Ночью Эмилия зашла в соседнюю комнату. Здесь на твердой кровати, на спинках которой были нарисованы подносы с фруктами, спала старая Анна.
— Мама, продадим землю и уедем в город, — взмолилась она. — Я чувствую, что Джеордже умер.
Прежние силы, казалось, вернулись к старухе.
— Что взбрело тебе в голову, дура? — крикнула она, приподнявшись на локте. — Продать землю? Да скорее я сама, немощная и хворая, буду ее пахать, сеять и косить, чем позволю тебе продавать землю. Эх, Милли, Милли, куда мы годимся без земли…
На следующее лето, когда ребята с Аннуцей приехали в Лунку на каникулы, забрали на фронт и Митру. Табак, которым был засеян его надел, помогал ему до сих пор избавляться от мобилизации, но Клоамбеш, прозванный Лэдоем, спасая собственного сына, обманом заставил Митру продать эту землю.

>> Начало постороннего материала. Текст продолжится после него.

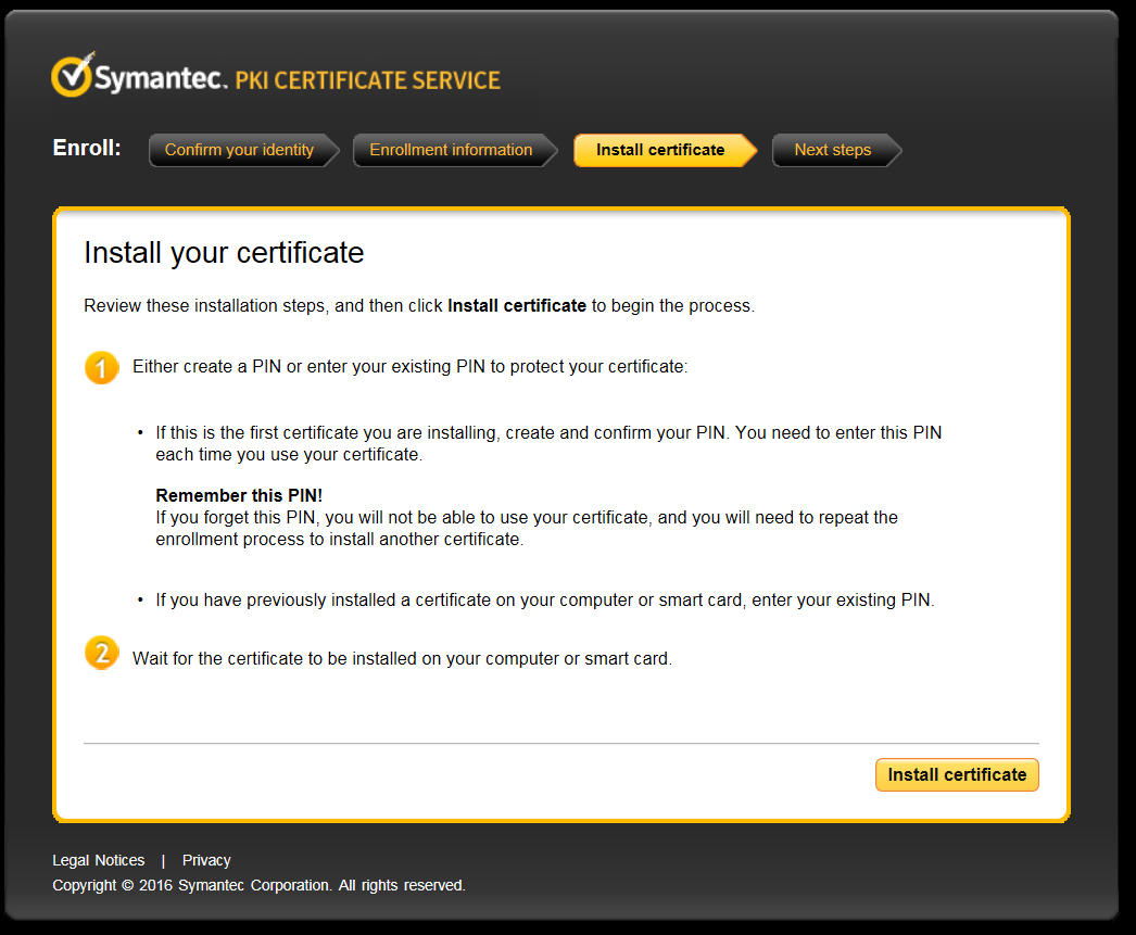 Read the certificate installation reminders and click Install certificate.
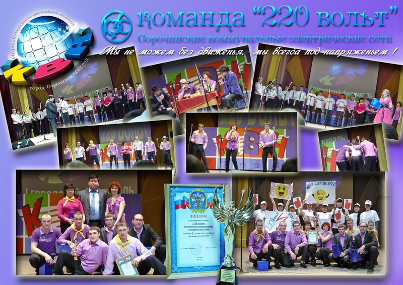В минувшие выходные в «Центре культуры и досуга «Дружба», состоялся первый городской фестиваль команд КВН города Сорочинска. В игре приняли участие представители производственных коллективов. Это Сорочинские коммунальные электрические сети – филиал ГУП «ОКЭС», Сбербанк, НГДУ «Сорочинскнефть».Команда энергетиков «220 вольт», заняла первое место. Победа не стала для Сорочинских энергетиков неожиданностью. Зал «взрывался» овациями, зрители неоднократно, бурно аплодировали во время выступления, команде не раз приходилось выходить на сцену на «бис». Задор, искрометность, азарт и веселое настроение - это то, что помогло легко обогнать соперников и победить! Огромную роль сыграла и группа поддержки. Они приготовили лозунги, плакаты, речёвки, тем самым поддерживали и подзадоривали участников и всех присутствующих в зале. Глава администрации Муниципального образования города Сорочинска Т. Мелентьева вручила благодарственное письмо директору Сорочинских коммунальных электрических сетей Н. Абубекерову, а команде - заслуженные подарки, диплом и кубок!
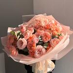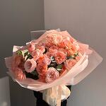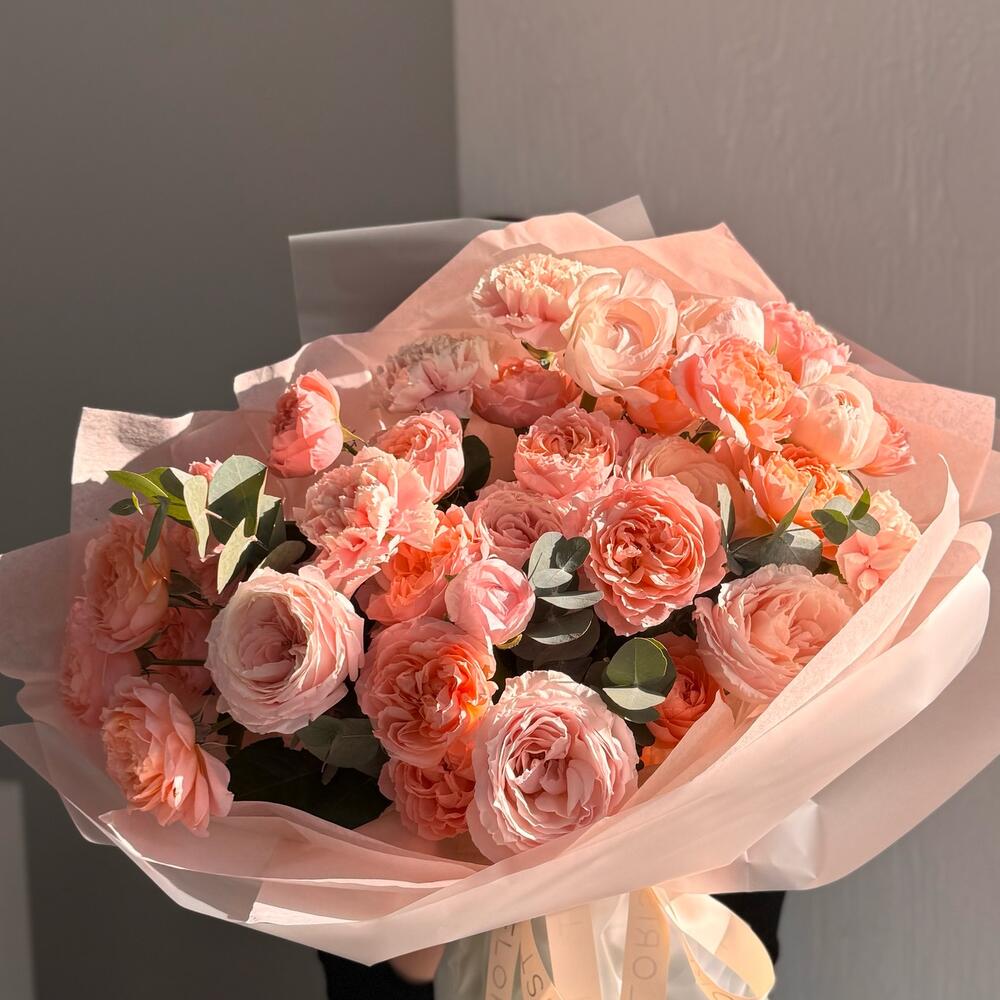 Eucalyptus - 1 pcs Ranunculus - 3 pcs Peony - shaped rose - 3 pcs bush rose juliet - 5 pcs Author's packaging - 1 pcs dianthuses - 5 pcs aquabox with water - 1 pcs vitamins for flowers (crystal) - 1 pcs
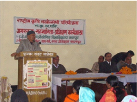 The project covered 32 districts in Uttar Pradesh and society served as a associated NGO for mobilization, training and implementation of programmes in the project. Organized training programmes of farmers, KisanMitras, farm women in the transfer of different technologies selected for the project. Arranged field days, demonstrations and exposure visits. Facilitated better coordination among district administration, bankers, IIM, AMC and DASP officials. Created and managed commodity groups like seed production, sheep and goat and dairy groups, bee- keeping, bio-compost and vermiculture groups. Facilitated group formation, group nurturing etc.
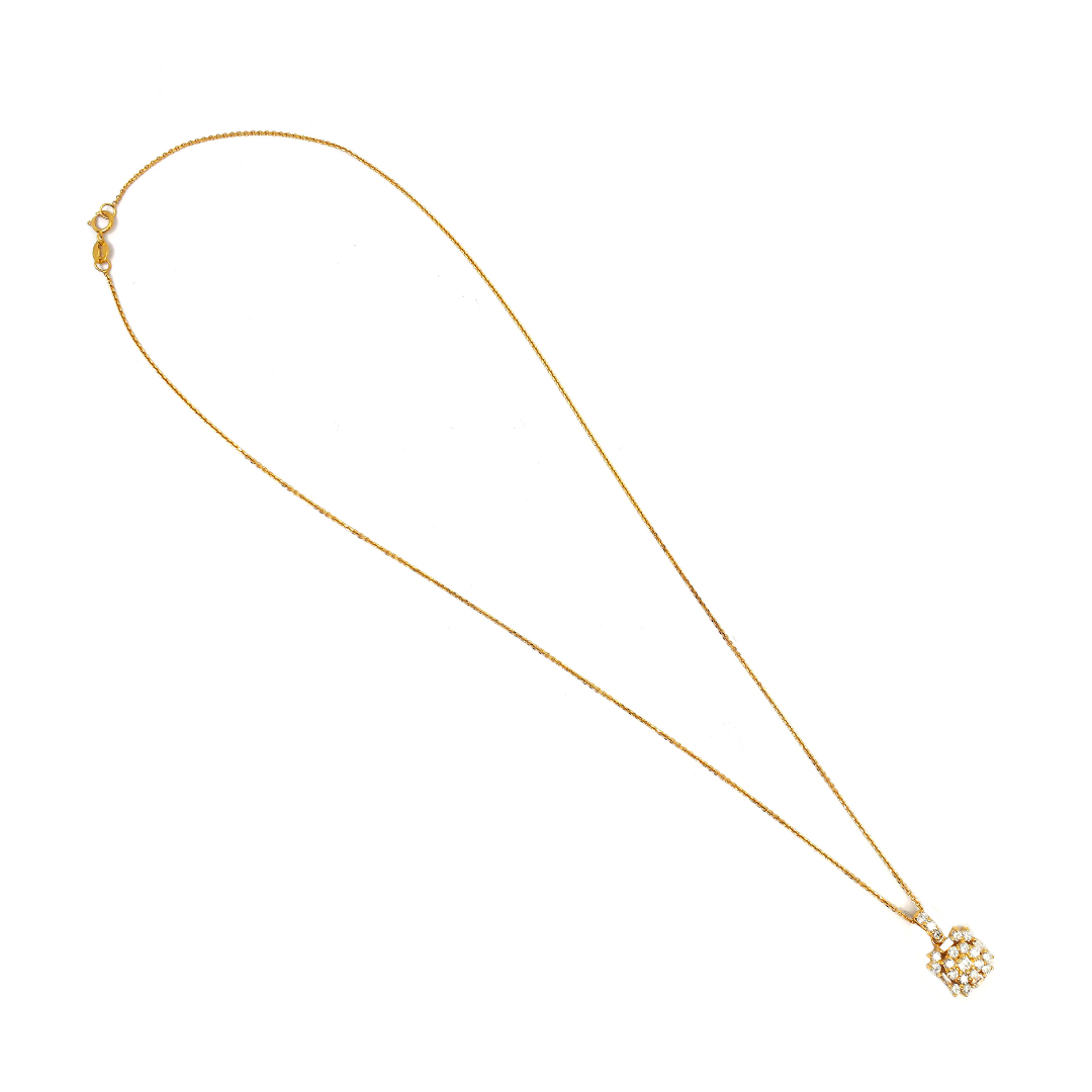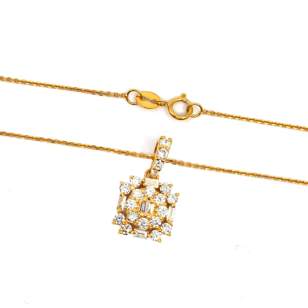 18K Yellow Gold Link Chain Necklace and Pendant with Baguette and Round Cut Diamonds
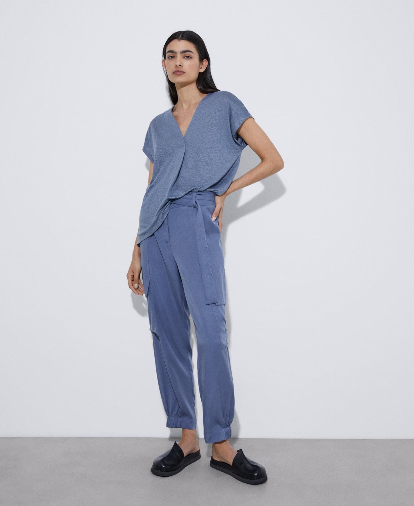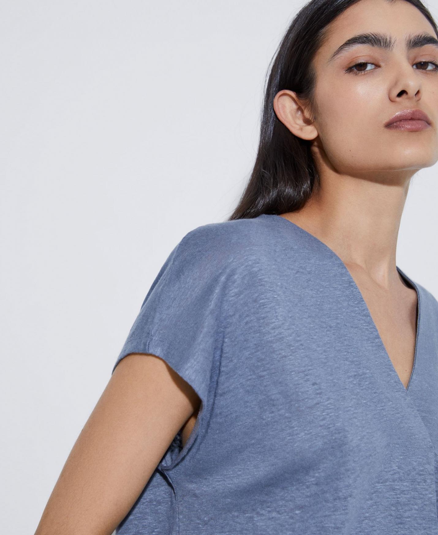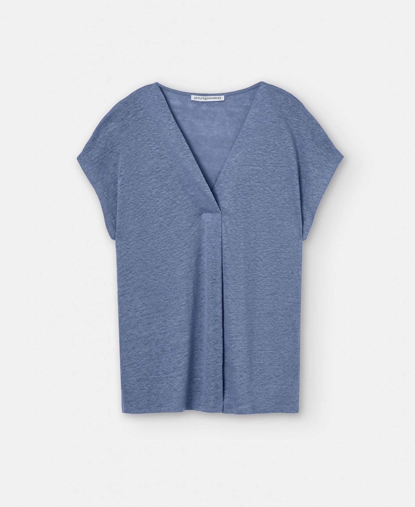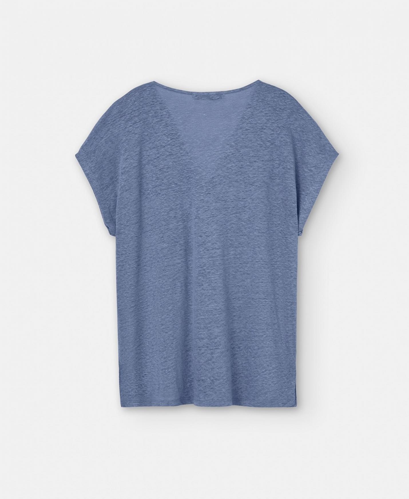 Camisetas Adolfo Dominguez | Camiseta escote pico en lino Azul/Gris Mujer

В августе было заключено перемирие. В семье встретили его с большой радостью: если Джеордже жив, он вернется домой. Так было и в девятнадцатом году. Все оставшиеся в живых вернулись из плена по домам. Но тринадцатого сентября немцы и венгры перешли в наступление в Трансильвании. Люди поспешно грузили свой скарб на телеги и двигались к востоку, навстречу русским, — прошел слух, что немцы уводят с собой всех мужчин от пятнадцати до пятидесяти лет. Эмилия как раз выехала в Арад, надеясь узнать в комендатуре что-нибудь о судьбе Джеордже.
Старуха и слышать не хотела об отъезде.
— Поезжайте без меня. Как это я оставлю дом солдатне? И не подумаю…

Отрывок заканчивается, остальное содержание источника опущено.